Miss ratio = 8/16 = 0.5

**(ii)** Assuming that the cache is organized as **four-way set associative** with **2-byte block size**, determine the number of bits in the offset, index and tag fields. Starting with an empty cache, show the offset, index and tag (**in binary**) for each address reference in the list and indicate whether it is a hit or a miss. Assume that a FIFO replacement policy is used. What is the miss ratio for this sequence on this cache?

Offset =1 Index =3 Tag=12

| Address | Tag          | Index | Offset | Hit/Miss |
|---------|--------------|-------|--------|----------|
| 0x00c2  | 000000001100 | 001   | 0      | M        |
| 0x00c3  | 00000001100  | 001   | 1      | Н        |
| 0x00c4  | 000000001100 | 010   | 0      | M        |
| 0x00c5  | 00000001100  | 010   | 1      | Н        |
| 0x0ec2  | 000011101100 | 001   | 0      | M        |
| 0x0ec3  | 000011101100 | 001   | 1      | Н        |
| 0x0ec4  | 000011101100 | 010   | 0      | M        |
| 0x0ec5  | 000011101100 | 010   | 1      | Н        |
| 0x00c2  | 00000001100  | 001   | 0      | Н        |
| 0x00c3  | 00000001100  | 001   | 1      | Н        |
| 0x00c4  | 00000001100  | 010   | 0      | Н        |
| 0x00c5  | 00000001100  | 010   | 1      | Н        |
| 0x00c6  | 00000001100  | 011   | 0      | M        |
| 0x00c7  | 00000001100  | 011   | 1      | Н        |
| 0xffc6  | 111111111100 | 011   | 0      | M        |
| 0xffc7  | 111111111100 | 011   | 1      | Н        |

Miss ratio = 6/16=0.375

- (Q6) A processor runs at 2 GHz and has a CPI=1.4 for a perfect cache (i.e. without including the stall cycles due to cache misses). Assume that load and store instructions are 15% of the instructions. The processor has an I-cache with a 4% miss rate and a D-cache with 6% miss rate. The hit time is 1 clock cycle. Assume that the time required to transfer a block of data from the RAM to the cache, i.e. miss penalty, is 40 ns.
  - (i) What is the number of stall cycles per instruction and the overall CPI?

```
Miss penalty in clock cycles = 40 * 10^{-9} * 2 * 10^{9} = 80
Number of stall cycles per instruction = 0.04 * 80 + 0.15 * 0.06 * 80 = 3.2+0.72=3.92
Overall CPI = 1.4 + 3.92 = 5.32
```

(ii) What is the average memory access time (AMAT) in ns?

```
No of memory accesses = I + 0.15*I=I*(1+0.15)=1.15*I
Access Time = 1*I + 0.04*I*80 + 0.15*I + 0.15*I*0.06*80=
I*(1+0.15+(0.04+.15*.06)*80)=5.07*I
AMAT = Access Time / No of memory accesses = 5.07*I/1.15*I=4.409 clock cycles = 4.409*0.5*I=2.2 ns
```

(iii) Discuss how you can reduce the AMAT.
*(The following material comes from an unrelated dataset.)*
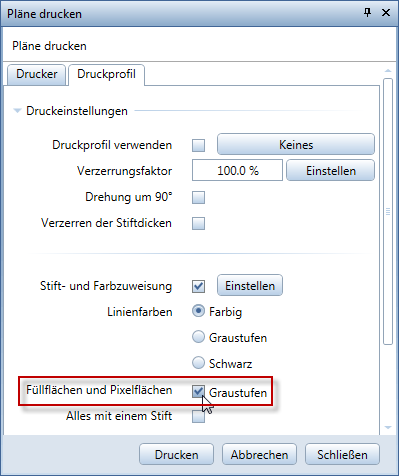 Bisher wurden Füll- und Pixelflächen auf Farbdruckern immer farbig ausgegeben, sofern nicht im Drucker selbst die Schwarzweiß Ausgabe eingestellt war. Nun können Sie bei der Ausgabe von Plänen mit den Funktionen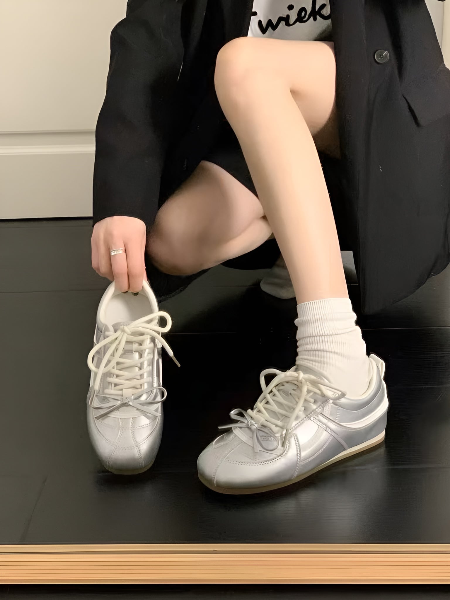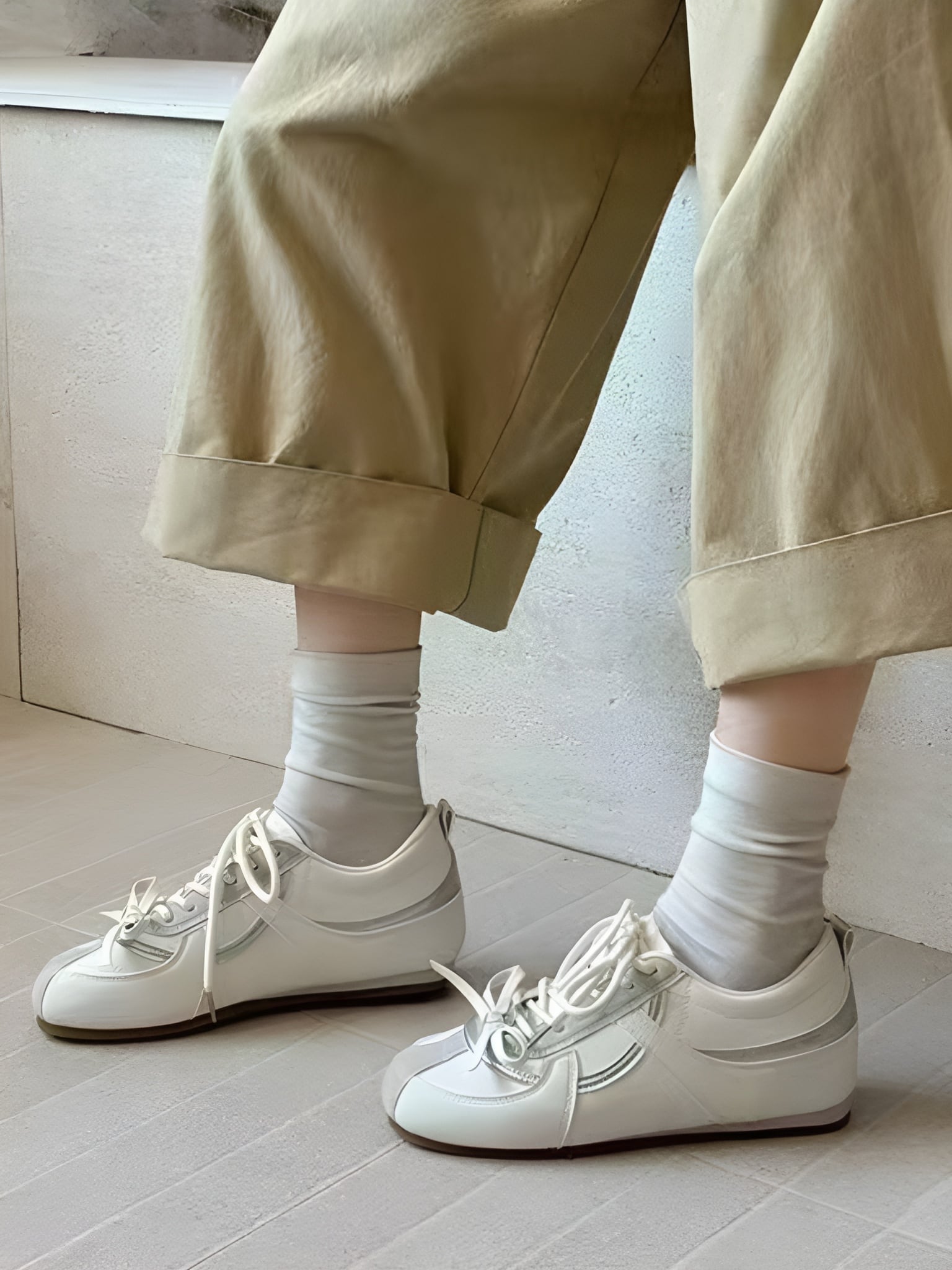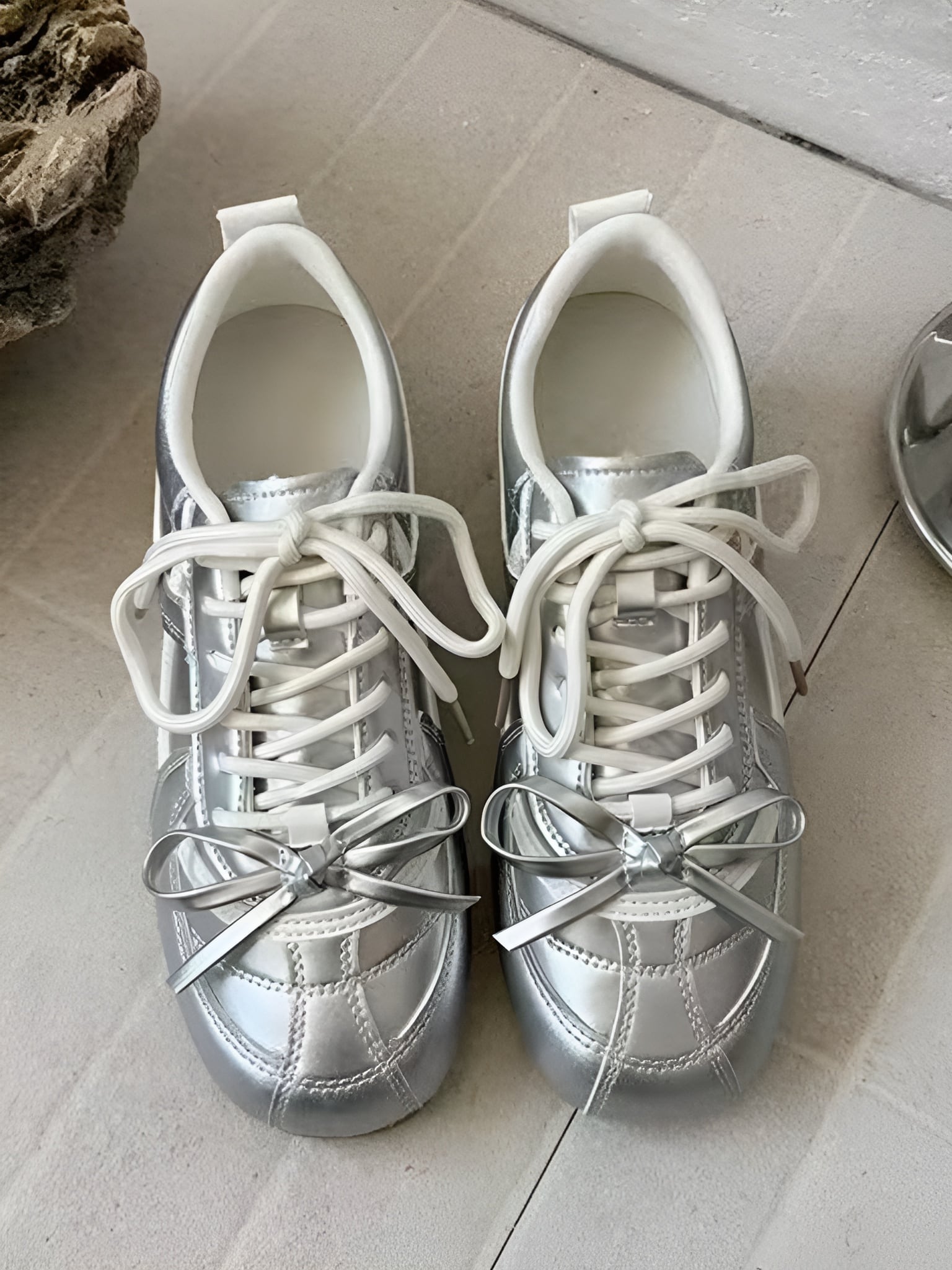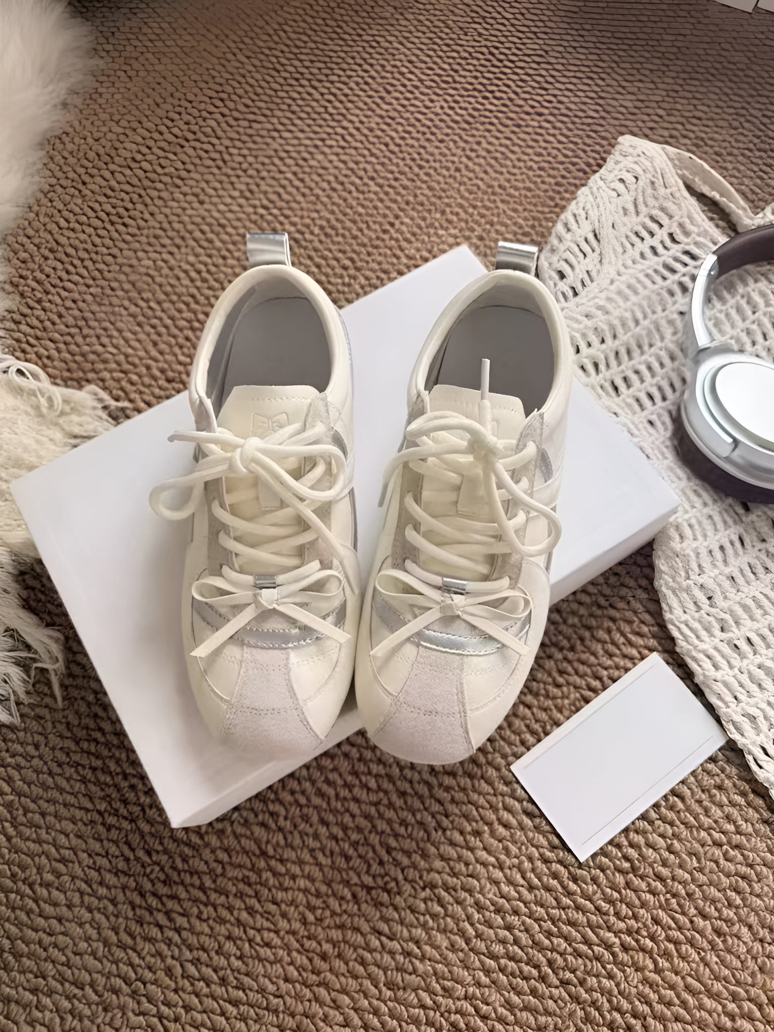 機能的なレースアップにリボンの装飾をプラスした、大人の遊び心溢れるスニーカー。

The AMAT can be reduced by reducing the hit time, the miss rate and the miss penalty. The hit time can be reduced by using small and simple caches. The miss rate can be reduced by using larger cache size, higher associativity, and larger block size. The miss penalty can be reduced using a second level cache and also using memory interleaving in transferring the data between the RAM and cache.